Task prompt >>
With no images included, output each entry below exactly as it appears.

Input for this task >>
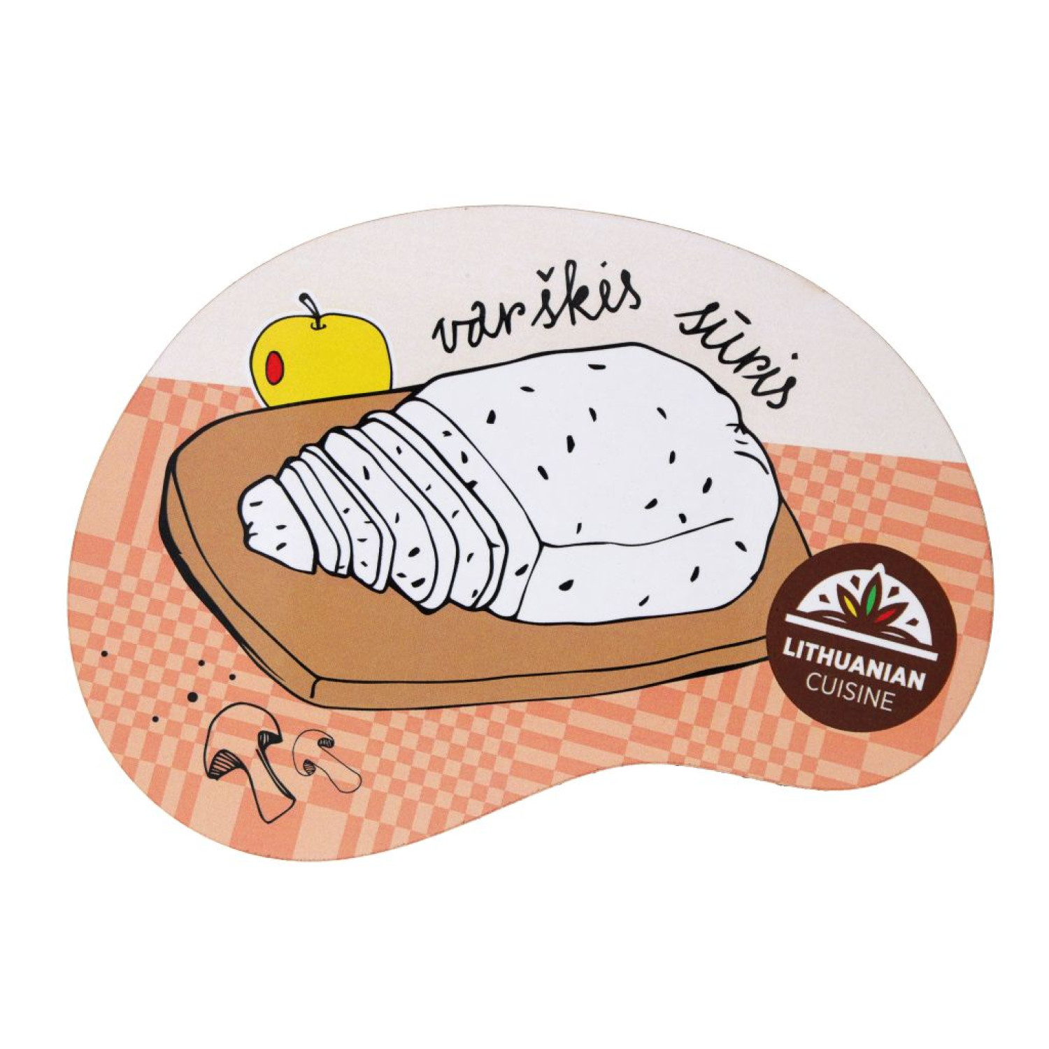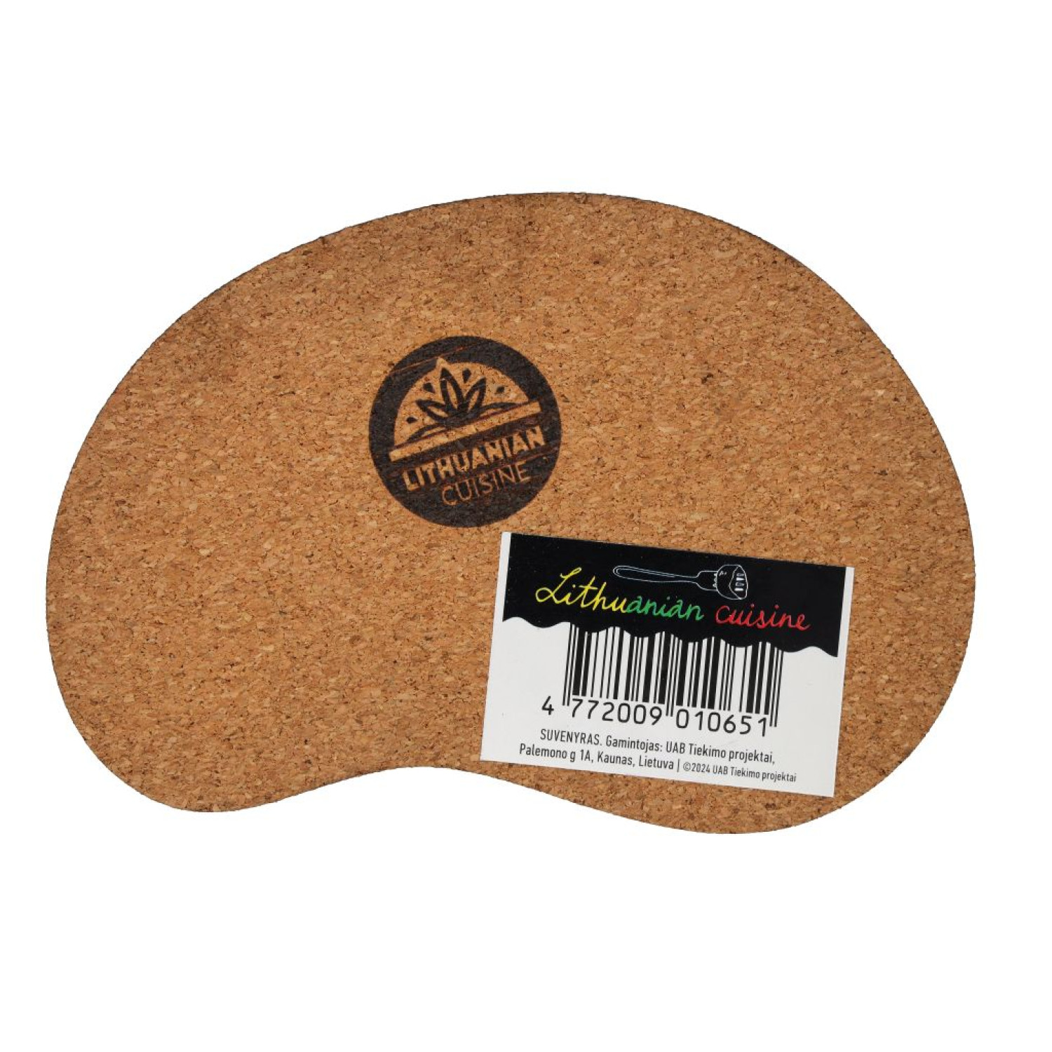 Padėkliukas puodeliui iš kamštinės medžiagos su tradicinio lietuviško patiekalo – varškės sūrio – dekoru. Praktiškas ir stilingas aksesuaras, tinkantis lietuviškos virtuvės gerbėjams.
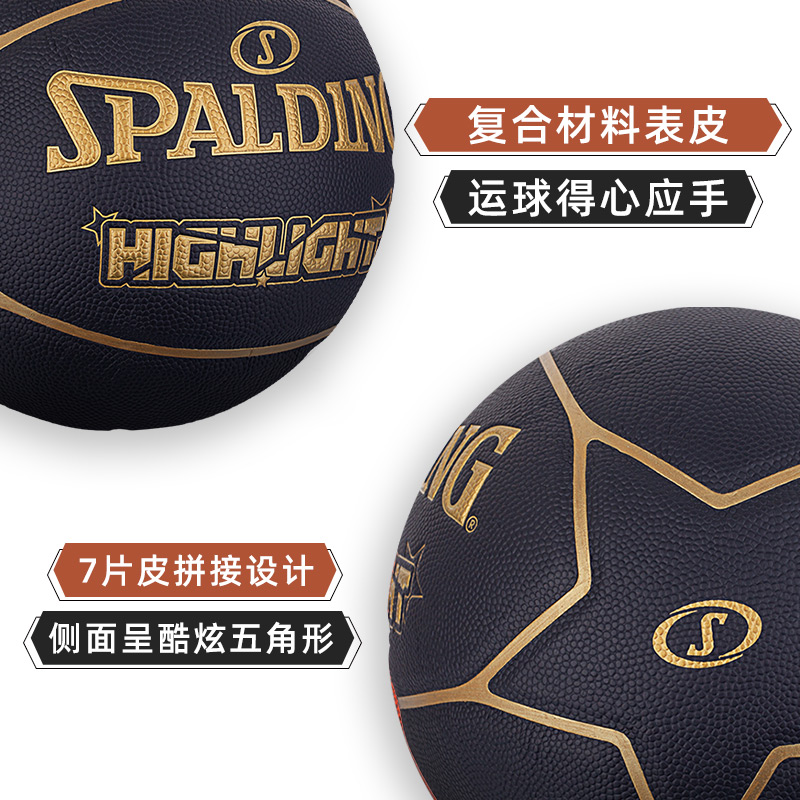 Spalding斯伯丁官方黑金撞色7号PU标准篮球室内外比赛专业76-869Y
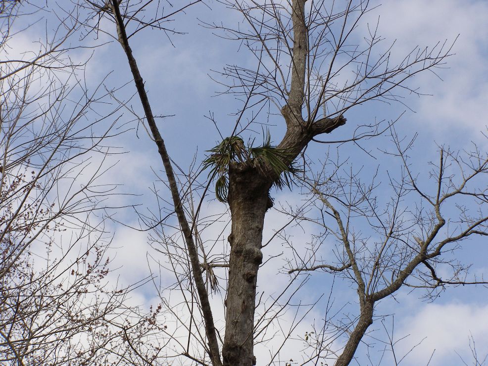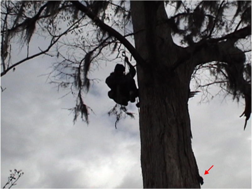 2-3-09. It was a gorgeous day in the swamp. After doing a few stakeouts, I tried a midstory climb. I chose a fork a little on the high side, and this was a good test of my accuracy with a beanbag. The first several throws were the equivalent of a baseball pitcher throwing the ball over the backstop, but then I got the hang of holding the line about a foot from the beanbag, spinning it in a circular motion, and visualizing the beanbag going over the desired fork just before releasing it. After I got the line in place, I discovered that the rope wasn’t quite long enough for that fork. Not an impressive start, but the practice should payoff on the next attempt.
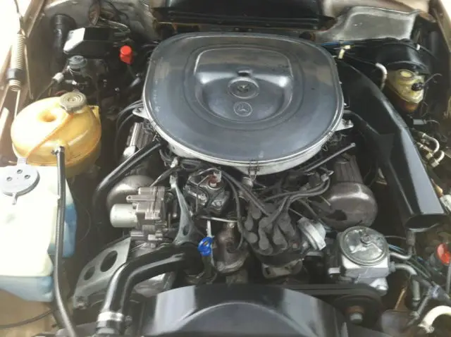 This 1981 Mercedes Benz 380 SLC is a left-hand drive. Body appears to be in original condition and shows no signs of rust or corrosion underneath body panels. Paint color is gold. The paint is in very good condition. It has the original seat covers and the interior shows minor wear. It's equipped with the optional factory automatic transmission. The windshield, side glass and rearglass are all in excellent condition.
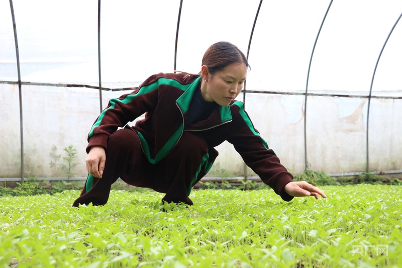 七星關(guān)區(qū)林口鎮(zhèn)大寨村育苗大棚內(nèi),工人正在查看長勢(央廣網(wǎng)發(fā) 邱雪 攝)
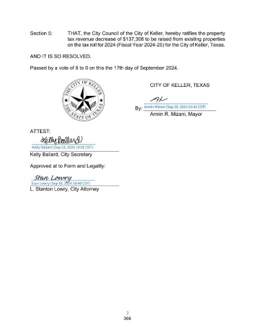 Section 5: THAT, the City Council of the City of Keller, hereby ratifies the property
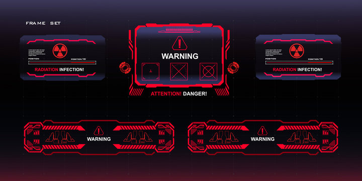 Attention Danger The threat of radiation infection Set of red frames and pop-up screens on black background. Futuristic screens with elements of HUD, GUI, UI
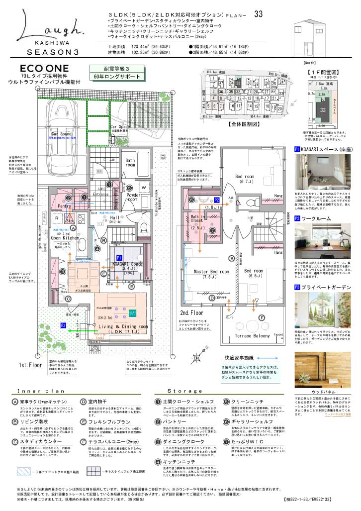 3LDK(5LDK/2LDK対応可※オプション)+プライベートガーデン+スタディカウンター+室内物干+土間クローク・シェルフ+パントリー+ダイニングクローク+キッチンニッチ+クリーンニッチ+ギャラリーシェルフ+ウォークインクロゼット+テラスバルコニー(2way)
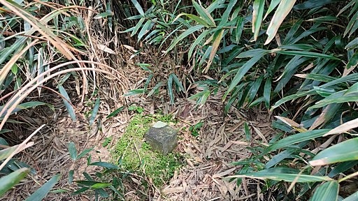 北市地測精幹點‧市153,基石位於芒草山路終止後,路左箭竹林。略往下坡走幾公尺,展望更佳,可俯瞰馬槽橋。H889m |
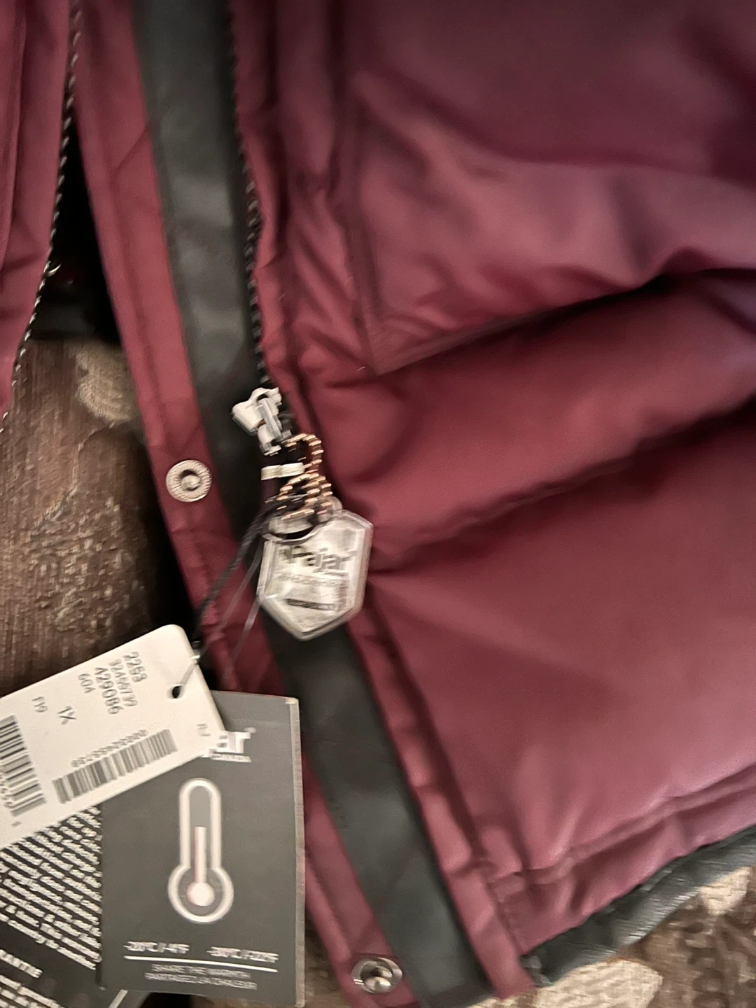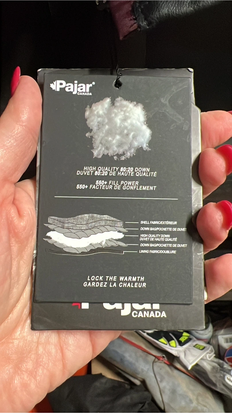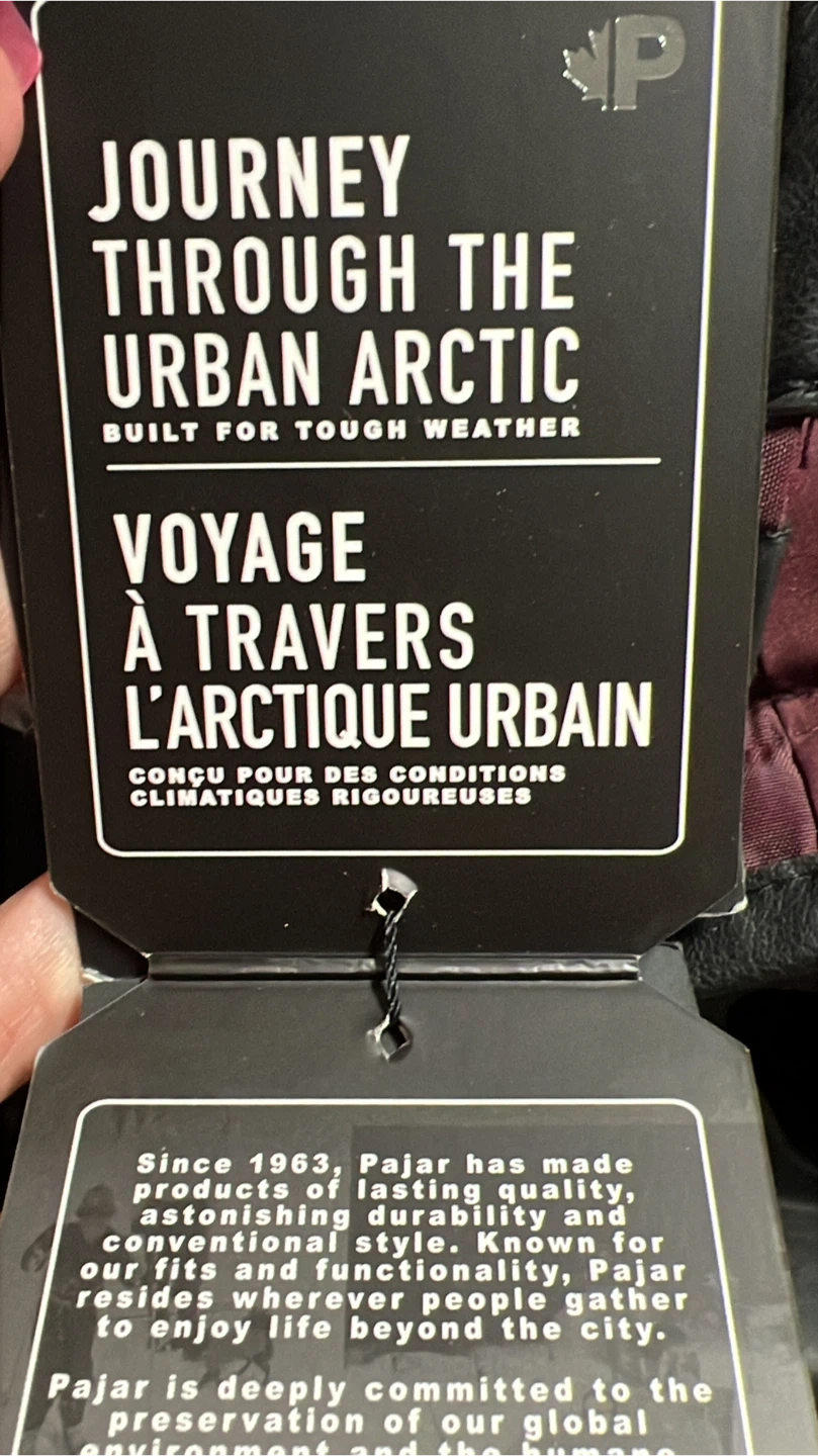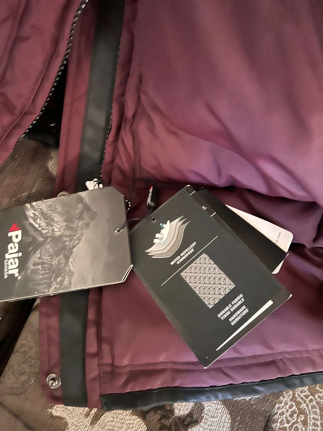 Selling a Pajar down bomber jacket in size 1X. It's a beautiful burgundy colour and features a fur-trimmed hood. It's water-repellent, windproof, durable and breathable, perfect for those cold Canadian winters!
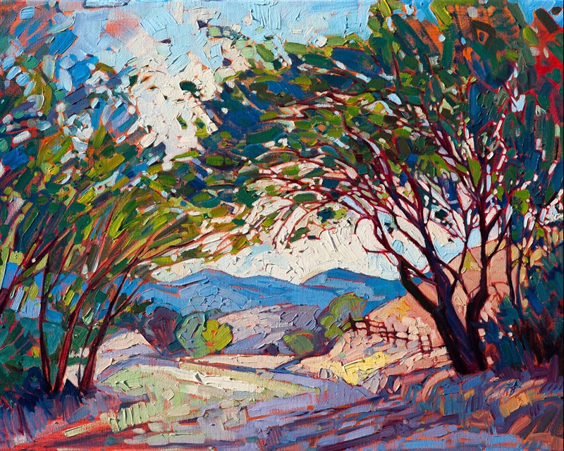 Style: "Open Impressionism" is a new style of painting developed by American artist Erin Hanson. The style is characterized by short, impasto brush strokes that are applied without layering, creating a mosaic or stained-glass appearance to the paintings. The paintings are created with a limited palette of colors, applied without blending or mixing upon the canvas, which adds a dimension of texture to each brush stroke. Inspired by classic impressionism, pointillism, and post-impressionism, Erin Hanson continues the tradition of impressionism into the modern day with her colorful and vivacious landscape paintings.
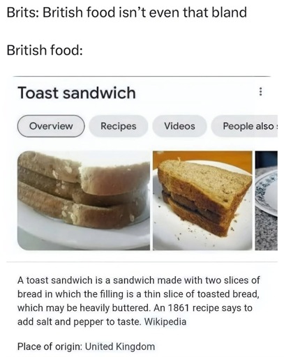 minus-squareMrMetaKopos@slrpnk.netlinkfedilinkEnglisharrow-up9·13 days agoPoor… And not normal poor, but wartime poor. It was invented by Heinz to sell beans in England.

The answer >>
 Padėkliukas puodeliui iš kamštinės medžiagos su tradicinio lietuviško patiekalo – varškės sūrio – dekoru. Praktiškas ir stilingas aksesuaras, tinkantis lietuviškos virtuvės gerbėjams.
 Spalding斯伯丁官方黑金撞色7号PU标准篮球室内外比赛专业76-869Y
 2-3-09. It was a gorgeous day in the swamp. After doing a few stakeouts, I tried a midstory climb. I chose a fork a little on the high side, and this was a good test of my accuracy with a beanbag. The first several throws were the equivalent of a baseball pitcher throwing the ball over the backstop, but then I got the hang of holding the line about a foot from the beanbag, spinning it in a circular motion, and visualizing the beanbag going over the desired fork just before releasing it. After I got the line in place, I discovered that the rope wasn’t quite long enough for that fork. Not an impressive start, but the practice should payoff on the next attempt.
 This 1981 Mercedes Benz 380 SLC is a left-hand drive. Body appears to be in original condition and shows no signs of rust or corrosion underneath body panels. Paint color is gold. The paint is in very good condition. It has the original seat covers and the interior shows minor wear. It's equipped with the optional factory automatic transmission. The windshield, side glass and rearglass are all in excellent condition.
 七星關(guān)區(qū)林口鎮(zhèn)大寨村育苗大棚內(nèi),工人正在查看長勢(央廣網(wǎng)發(fā) 邱雪 攝)
 Section 5: THAT, the City Council of the City of Keller, hereby ratifies the property
 Attention Danger The threat of radiation infection Set of red frames and pop-up screens on black background. Futuristic screens with elements of HUD, GUI, UI
 3LDK(5LDK/2LDK対応可※オプション)+プライベートガーデン+スタディカウンター+室内物干+土間クローク・シェルフ+パントリー+ダイニングクローク+キッチンニッチ+クリーンニッチ+ギャラリーシェルフ+ウォークインクロゼット+テラスバルコニー(2way)
 北市地測精幹點‧市153,基石位於芒草山路終止後,路左箭竹林。略往下坡走幾公尺,展望更佳,可俯瞰馬槽橋。H889m |
 Selling a Pajar down bomber jacket in size 1X. It's a beautiful burgundy colour and features a fur-trimmed hood. It's water-repellent, windproof, durable and breathable, perfect for those cold Canadian winters!
 Style: "Open Impressionism" is a new style of painting developed by American artist Erin Hanson. The style is characterized by short, impasto brush strokes that are applied without layering, creating a mosaic or stained-glass appearance to the paintings. The paintings are created with a limited palette of colors, applied without blending or mixing upon the canvas, which adds a dimension of texture to each brush stroke. Inspired by classic impressionism, pointillism, and post-impressionism, Erin Hanson continues the tradition of impressionism into the modern day with her colorful and vivacious landscape paintings.
 minus-squareMrMetaKopos@slrpnk.netlinkfedilinkEnglisharrow-up9·13 days agoPoor… And not normal poor, but wartime poor. It was invented by Heinz to sell beans in England.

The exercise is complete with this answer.